Она подняла глаза и тут же их опустила. У жены доктора на губах застыла какая-то странная ироническая улыбка. Она смеялась над ней? Почему?
Анна-Мария направилась к двери, но мадам ле Дюк оказалась проворнее — преградила ей путь и положила обе руки на ее плечи.
— Напрасно ты испугалась, — сказала она почти шепотом. — Я все это время думала не о тебе. Видишь, я тоже долго не знала, что мне здесь делать. Ле Дюк в постоянных разъездах, дом совсем пустой. Меня спасли только дети. И сейчас, когда я смотрю на тебя, такую молодую, но уже понимающую горечь здешней скуки, я знаю, что должна тебе ответить. Тебе, а не внучке Ианна ле Бон. — Она наклонилась еще ниже и продолжала шепотом: — Ты — «белая», знаю. И кончила монастырскую школу. Моя Ивонна ходит туда же. Она моложе тебя и совсем другая. У меня еще есть время, чтобы подумать о ее будущем. Паскаль закончил светскую школу, которую вы, из долины, называете «школой Дьявола». У него не было выбора. И он получит аттестат зрелости в Нанте. Ты смелая, малышка?

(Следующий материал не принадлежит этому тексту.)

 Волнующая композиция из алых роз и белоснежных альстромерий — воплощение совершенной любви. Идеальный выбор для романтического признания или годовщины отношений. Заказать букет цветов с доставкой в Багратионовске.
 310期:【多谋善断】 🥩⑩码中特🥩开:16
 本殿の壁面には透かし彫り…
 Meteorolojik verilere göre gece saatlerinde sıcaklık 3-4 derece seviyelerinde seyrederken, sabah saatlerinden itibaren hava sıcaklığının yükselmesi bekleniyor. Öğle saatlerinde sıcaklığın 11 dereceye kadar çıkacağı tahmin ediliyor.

Ее когда-то спросили, счастлива ли она. Но смелая ли? Правда, прабабка обещала ей, гадая, что она зацветет цветами каштана даже на руинах, что ничего не будет бояться. Никого. И никогда. И она сказала об этом матери Паскаля. И та, должно быть, поняла ее, потому что она, как властелин средневекового Геранда, когда-то бросившего своим близким короткий приказ «fac!», дала ей самый короткий из всех возможных советов:
— Беги отсюда!
Скандал в доме Софи в Геранде. Взрывы гнева Ианна ле Бон. Она хочет ехать к Люси? Прямо в этот очаг заразы, прямо в Париж? Но ведь тетка ее не знает, никогда ее не видела. Мало ли что она выразила желание заняться дочкой Жанны-Марии, естественно временно? Потом все равно придется вернуться. На ферму, уже будучи «красной»? Зачем? В родной город? В качестве кого? Ей не удастся найти другой работы, разве только в «школе Дьявола». Ей, воспитаннице «белых» сестер? Внучке Ианна ле Бон? Кто смел посоветовать ей такие глупости? Если прабабка узнает…

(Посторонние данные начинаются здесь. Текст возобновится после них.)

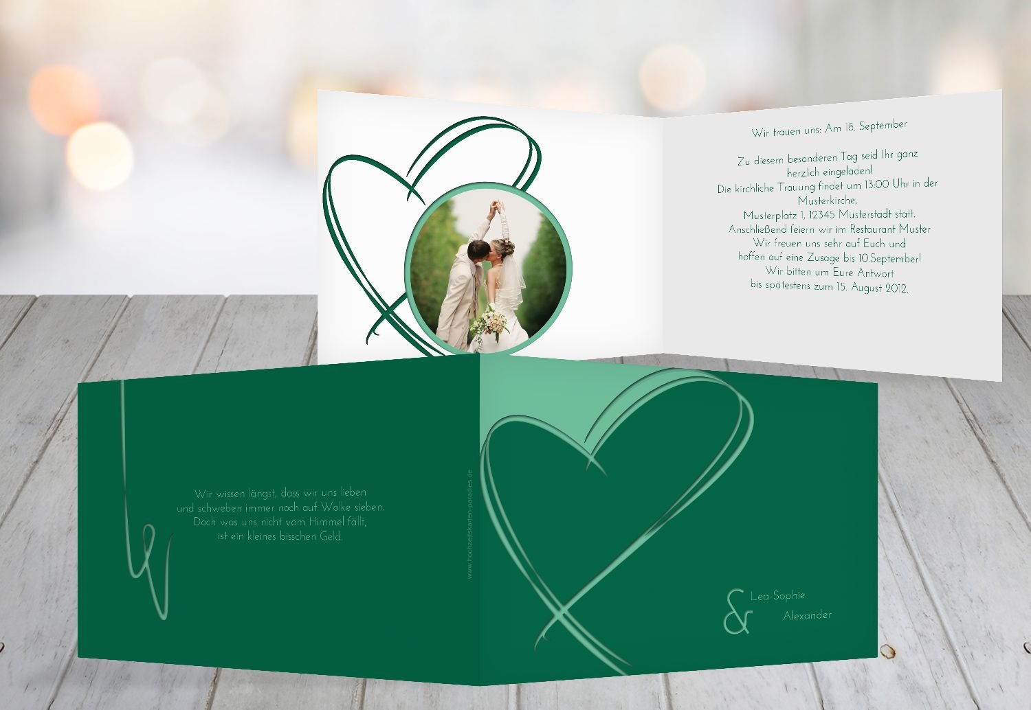 Double Heart Wedding Invitations Dark Green 10 Karten Amazon Co
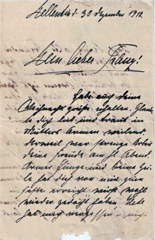 »Glaubte dich lieb und traut in Mutters Armen weilend. Derweil war strenge Arbeit deine Freude am Hl. Abend. Armer Junge und keine Zeile hat dich von uns zum Feste erreicht, wirst wohl wieder gedacht haben, Hete hat mich vergessen – nicht doch, deine alte Freundin vergißt dich nie.«
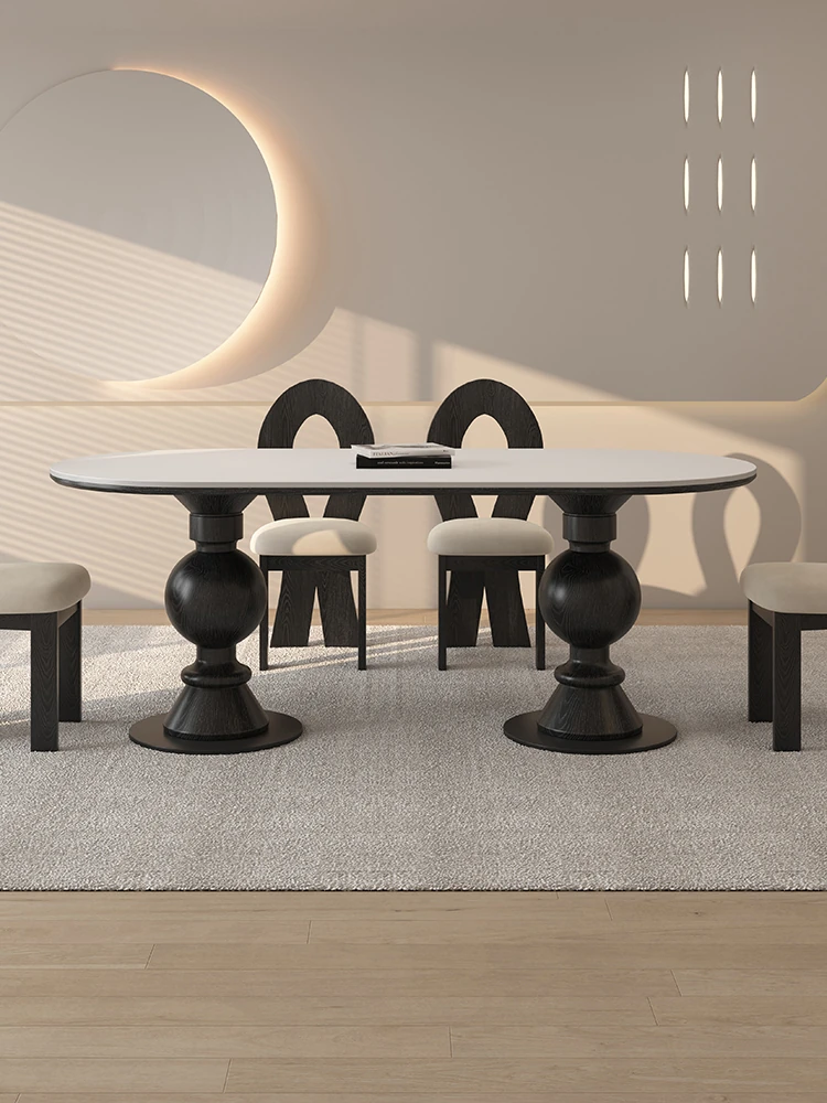 Delifeng Solid Wood Rock Slab Dining Table - High-End Black Vintage Style Oval Table for Small Spaces, Crafted from Ash Wood for a Luxurious Dining Experience
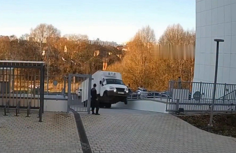 В Казани на улице Азата Аббасова грузовик "Валдай" при заезде на территорию одного из ЖК встал на задние колёса и чуть не задавил сотрудника местного ЖК.
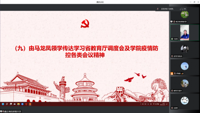 会议第九项议程由马龙凤传达学习省教育厅调度会及学院疫情防控各类会议精神。各相关职能部门要履职尽责、紧密合作,科学精准加强疫情防控措施,有力有效做好疫情防控工作,全力保障全校师生员工健康安全。
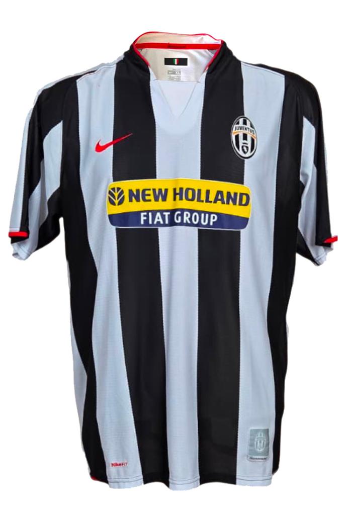 Maglia Home della Juventus indossata nella stagione 2007/2008, realizzata da Nike e caratterizzata dalle iconiche strisce verticali bianconere, simbolo della tradizione del club. Il design presenta colletto a V con dettagli rossi a contrasto e finiture moderne, mentre sul petto sono applicati lo swoosh Nike, lo stemma Juventus con le due stelle e lo sponsor commerciale New Holland Fiat Group. Il tessuto NikeFit garantisce comfort e traspirabilità, tipici delle versioni Store dell’epoca. Sulla manica è presente la patch ufficiale Serie A, a certificare l’utilizzo nel campionato italiano. Sul retro compaiono nome Trezeguet e numero 17 in rosso con bordi bianchi, con stemma Juventus integrato alla base del numero. Una maglia legata a uno dei bomber più rappresentativi della storia bianconera, dal forte valore collezionistico e simbolico.

В каштановой роще никого не было. И в каменном доме, и во дворе тоже. Анна-Мария нашла черный платок на тропинке, идущей вдоль океана, и уже издали увидела горящий костер. Вокруг него кружилась в одном платье, хотя начало ноября было очень холодным, маленькая и хрупкая мамаша ле Бон. Она жгла водоросли, выброшенные волнами на берег. Трещали сучья, подкинутые в костер, чтобы поддержать огонь, летели искры. Ветер то рвал пламя, вздымая его высоко вверх, то швырял подальше от океана, то прижимал к песку. Время от времени едкий дым заставлял прабабку протирать слезящиеся глаза, но она ни на минуту не отходила от огня: старая женщина то и дело добавляла новую пищу пламени, а сухих водорослей хватало. Они полосой лежали вдоль побережьями сейчас, во время отлива, к ним можно было легко подойти.